- Born: 8 April 1886 Nottingham, Nottinghamshire, England
- Died: 5 April 1955 (aged 68) Swindon, Wiltshire, England
- Allegiance: United Kingdom
- Branch: British Army Royal Air Force
- Service years: 1916-1941
- Rank: Group Captain
- Conflicts: First World War Waziristan campaign (1919–20) Second World War
- Awards: Distinguished Service Order Distinguished Flying Cross with Bar Mention in Dispatches

= Horace Percy Lale =

British World War I flying ace

Group Captain Horace Percy Lale (8 April 1886 – 5 April 1955) was a Royal Air Force officer and British World War I flying ace credited with 23 victories.

==First World War==
Lale was commissioned a temporary second lieutenant in the Royal Flying Corps on 26 September 1916. He was appointed a flying officer in the RFC on 3 April 1917, and was appointed a flight commander with the temporary rank of captain on 10 February 1918. Lale was mentioned in despatches in March 1918.
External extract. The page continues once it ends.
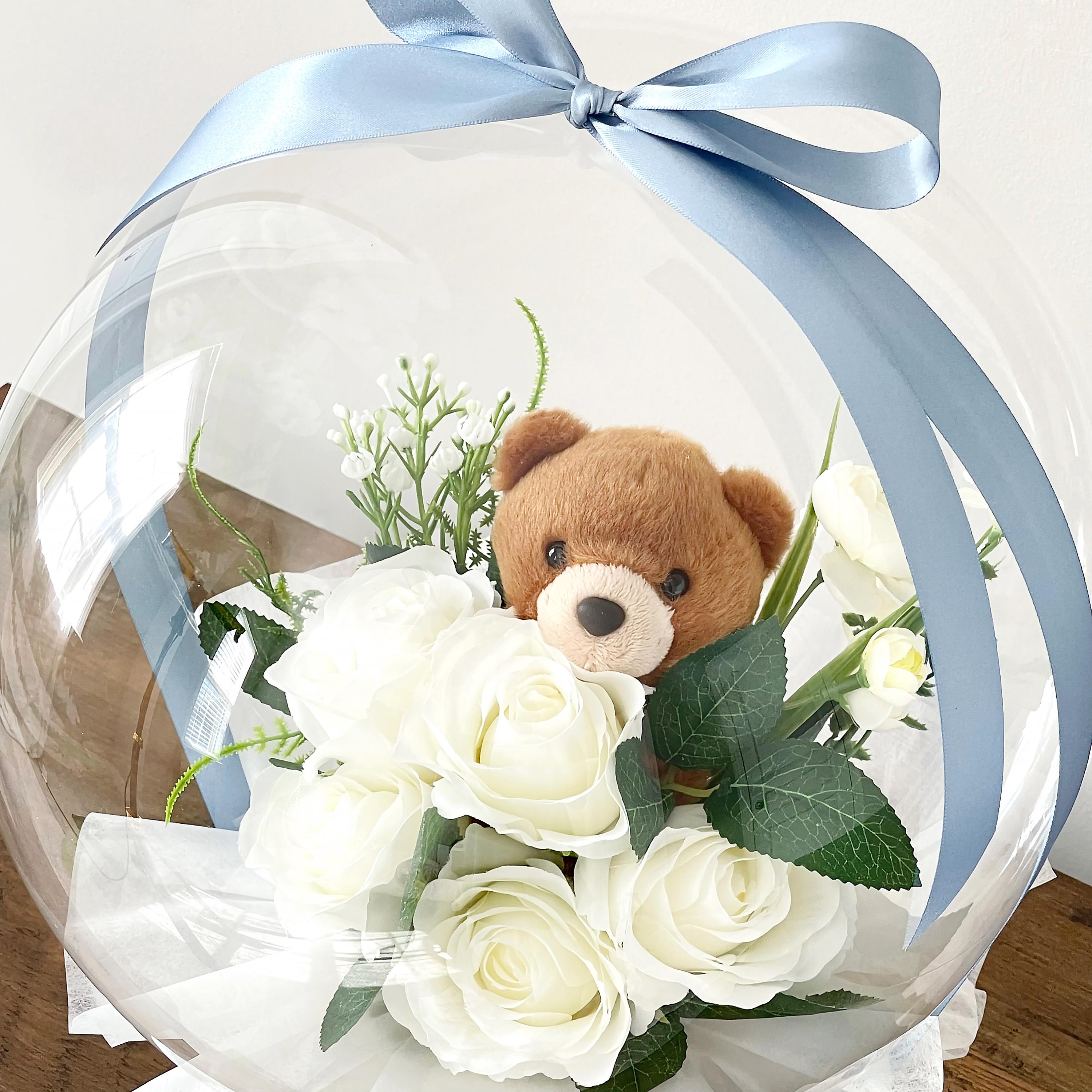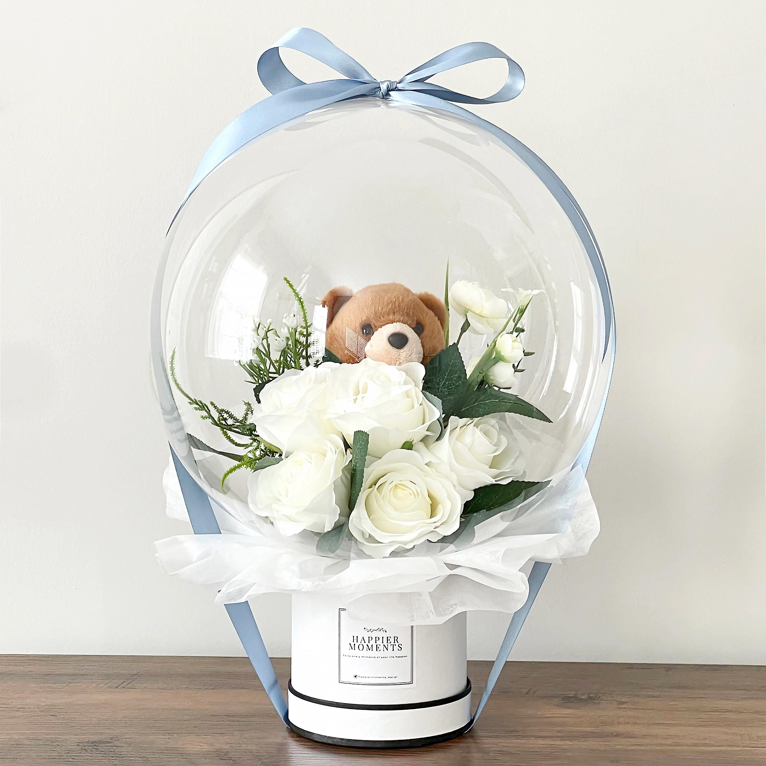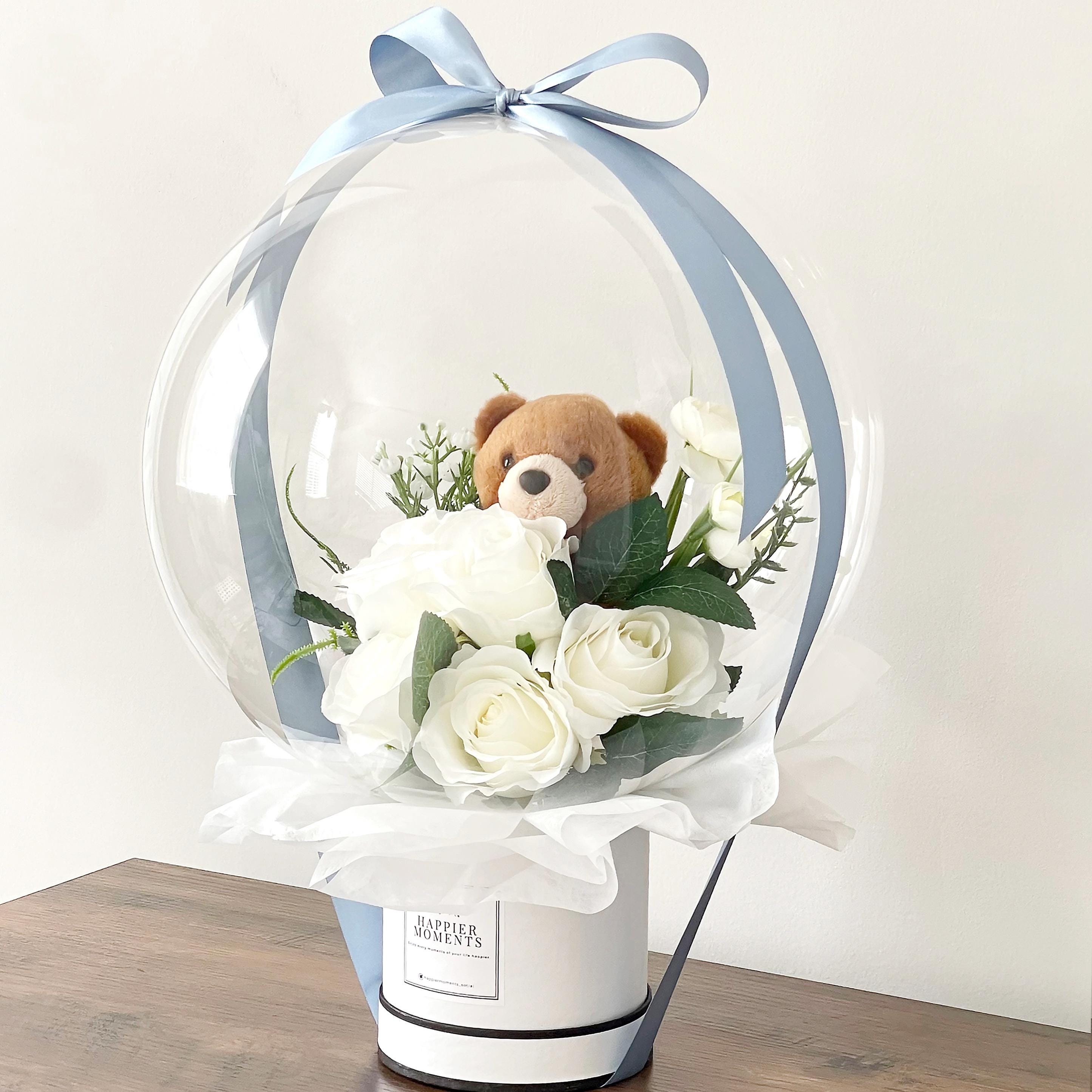 Teddy Bear White Rose Flower Bobo Balloon Bouquet White Box Blue Ribbon | Birthday Mother's Day Valentine's Day Shower Baby Shower Gift

==Interwar years and Second World War==
Lale remained in the Royal Air Force after the war, receiving a permanent commission in the rank of flying officer on 1 August 1919. For distinguished service in the 1919-1920 Waziristan campaign, he was awarded a bar to his DFC in July 1920. He was promoted to flight lieutenant on 1 January 1921, to squadron leader on 1 January 1924 and to wing commander on 1 January 1930. He was promoted to group captain on 1 January 1936. He served through the start of the Second World War, but retired from the RAF on 8 April 1941.

==Citation for military decoration==
Distinguished Flying Cross (DFC)

2nd Lieut. (A./Capt.) Horace Percy Lale. (FRANCE)

He has accounted for twelve enemy aeroplanes—five crashed, four shot down in flames, and three driven down out of control. On 6 September he led his patrol of nine machines to the assistance of some formations that were attacked by thirty or forty enemy aircraft; in the engagement he and his Observer accounted for two Fokkers; eventually the enemy was driven off, five of their machines being destroyed and three shot down out of control.